EASTERN UNION. An organization of fire insurance companies exercising jurisdiction over the states east of the Mississippi (excepting those within the jurisdiction of the Western Union), of which organization only executive officers or managers (in charge of not less than three states) are members. The headquarters of the Eastern Union are in the city of New York.

The officers of the Eastern Union, elected in 1913, are: President, C. F. Shallcross, manager Royal Insurance Company, Ltd.; vicepresident, F. W. Sargeant, president New Hampshire Fire Insurance Company; treasurer, Geo. W. Burchell, vice-president Queen Insurance Company; secretary, Howard DeMott.

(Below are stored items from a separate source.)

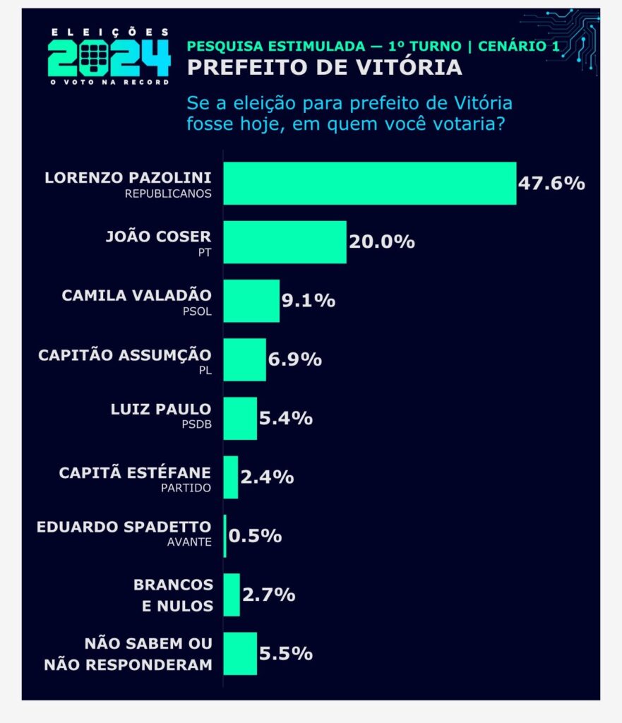 Nova pesquisa para o pleito municipal deste ano, publicada pela Rede Vitória na manhã desta segunda-feira (01), aponta que o atual prefeito de Vitória, Lorenzo Pazolini (Republicanos), é franco favorito à reeleição no primeiro turno das eleições, com 47,6% das intenções de voto. Este é o segundo levantamento da Futura no projeto 100% Cidades que traz que o atual chefe do Executivo municipal de Vitória na preferência popular.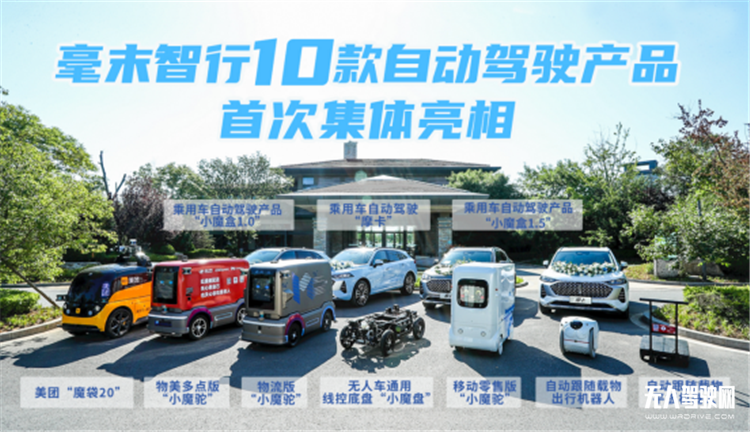在此次活动中,毫末智行主打城市通勤场景的乘用车自动驾驶产品“小魔盒1.5”、无人配送车“小魔驼”、无人车通用线控底盘“小魔盘”等10款产品首次集体公开亮相。
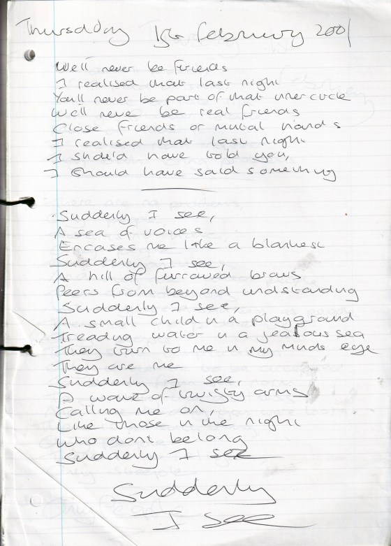 Suddenly I See – Written Thursday 1st February 2001 (Aged 25)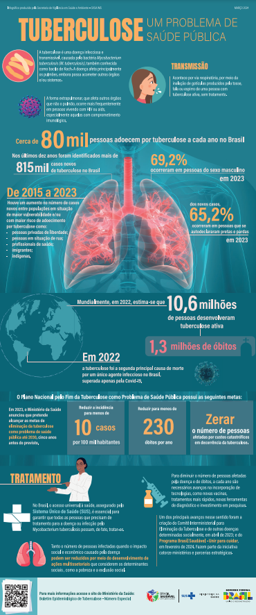 Para continuar o trabalho de conscientização sobre a doença, o Ministério da Saúde lançou a Campanha Nacional de Tuberculose de 2024 com o lema “Tuberculose, não deixe ela parar você”.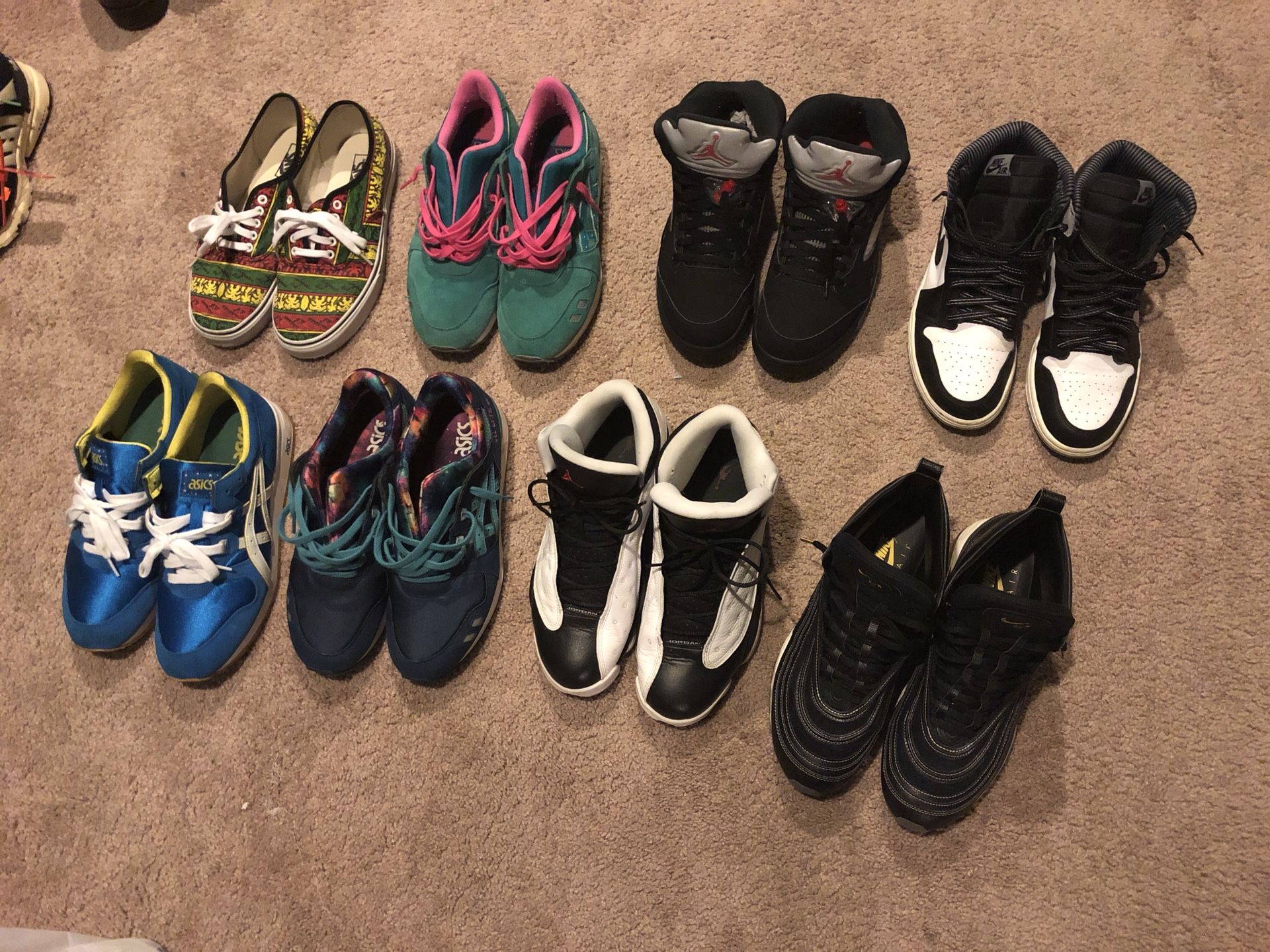 MAKE YOUR OFFERS, TESTING THE WATERS LOCATED IN UPPER MARLBORO. YES, I DRIVE. Sz 11: BARON 1s (9/10) METALLIC 5s (NDS) HE GOT GAME 13s (NDS) AIR MAX 97 RICARDO TISCI (8.5/10) RASTA VAN DOREN VANS (9/10) ASICS GALAXY GEL LYTE III (9/10) BRAZIL ASICS GEL LYTE (NDS) ASICS GEL LYTE III TEAL/PINK (9/10)

EATON, HENRY W., manager in New York of the Liverpool and London and Globe Insurance Company, is a native of London, England, and entered the service of that company in 1866. He represented it at Bristol, England, in 1876, as resident secretary of the west of England branch, and came to New York in 1878 as assistant manager of the New York branch under Mr. Pulsford. Upon the retirement of that gentleman, in 1887, he became resident manager. Mr. Eaton is an associate member of the Institute of Actuaries of England. In 1897 he was elected president of the National Board of Fire Underwriters of the United States, and in 1911 president of the New York Board of Fire Underwriters. He was also in 1911 elected president of the Factory Insurance Association.

EDDY, HENRY CLAY, resident secretary of the western department of the Commercial Union of London and Palatine of London, is a native of Providence, R. I., where he was born May 9, 1848. He received his higher education at the Highland Military Academy, at Worcester, Mass. When sixteen years old he entered the office of a local insurance agency at Providence, from which in 1867 he transferred his services to the Home Insurance Company of New York as clerk. Following this, in 1874, Mr. Eddy became special agent for the German-American and Phenix of New York, and in 1883 he accepted the post at Chicago which he now occupies. Mr. Eddy was president of the Fire Underwriters' Association of the northwest in 1890-'91, and has been president of the Underwriters' Laboratories since 1902, and is also president of the Underwriters' Salvage Company of Chicago.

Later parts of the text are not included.